Task statement:
Consider the listing below. Extract exactly the lines from the line containing "Wie lange müssen" to the line containing "However, after he", both included.

Exercise material:
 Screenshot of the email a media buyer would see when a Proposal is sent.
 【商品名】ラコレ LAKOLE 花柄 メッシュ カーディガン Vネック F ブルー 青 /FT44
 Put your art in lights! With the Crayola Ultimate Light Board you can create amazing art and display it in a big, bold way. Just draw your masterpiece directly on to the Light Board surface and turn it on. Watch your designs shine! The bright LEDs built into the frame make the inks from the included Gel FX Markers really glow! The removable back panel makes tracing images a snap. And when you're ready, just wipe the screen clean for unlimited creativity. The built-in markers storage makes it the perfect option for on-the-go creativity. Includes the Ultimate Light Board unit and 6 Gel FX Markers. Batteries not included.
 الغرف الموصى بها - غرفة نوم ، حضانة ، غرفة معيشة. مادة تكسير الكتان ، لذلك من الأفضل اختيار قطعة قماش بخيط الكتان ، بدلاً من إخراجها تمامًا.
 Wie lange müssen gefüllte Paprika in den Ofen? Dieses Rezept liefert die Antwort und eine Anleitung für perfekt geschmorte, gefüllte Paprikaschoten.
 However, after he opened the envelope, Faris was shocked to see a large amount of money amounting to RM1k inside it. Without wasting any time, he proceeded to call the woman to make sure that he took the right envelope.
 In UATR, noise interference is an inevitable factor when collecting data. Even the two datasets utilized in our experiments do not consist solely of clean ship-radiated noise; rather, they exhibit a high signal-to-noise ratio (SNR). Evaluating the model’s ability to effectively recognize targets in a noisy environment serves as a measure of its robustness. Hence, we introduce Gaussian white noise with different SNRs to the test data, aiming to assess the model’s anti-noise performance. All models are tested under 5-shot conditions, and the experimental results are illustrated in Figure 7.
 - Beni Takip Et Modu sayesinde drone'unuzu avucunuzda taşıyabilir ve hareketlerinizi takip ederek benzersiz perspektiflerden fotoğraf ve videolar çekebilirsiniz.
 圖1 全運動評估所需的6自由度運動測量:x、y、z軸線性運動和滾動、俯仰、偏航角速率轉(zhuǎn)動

Result below:
 Wie lange müssen gefüllte Paprika in den Ofen? Dieses Rezept liefert die Antwort und eine Anleitung für perfekt geschmorte, gefüllte Paprikaschoten.
 However, after he opened the envelope, Faris was shocked to see a large amount of money amounting to RM1k inside it. Without wasting any time, he proceeded to call the woman to make sure that he took the right envelope.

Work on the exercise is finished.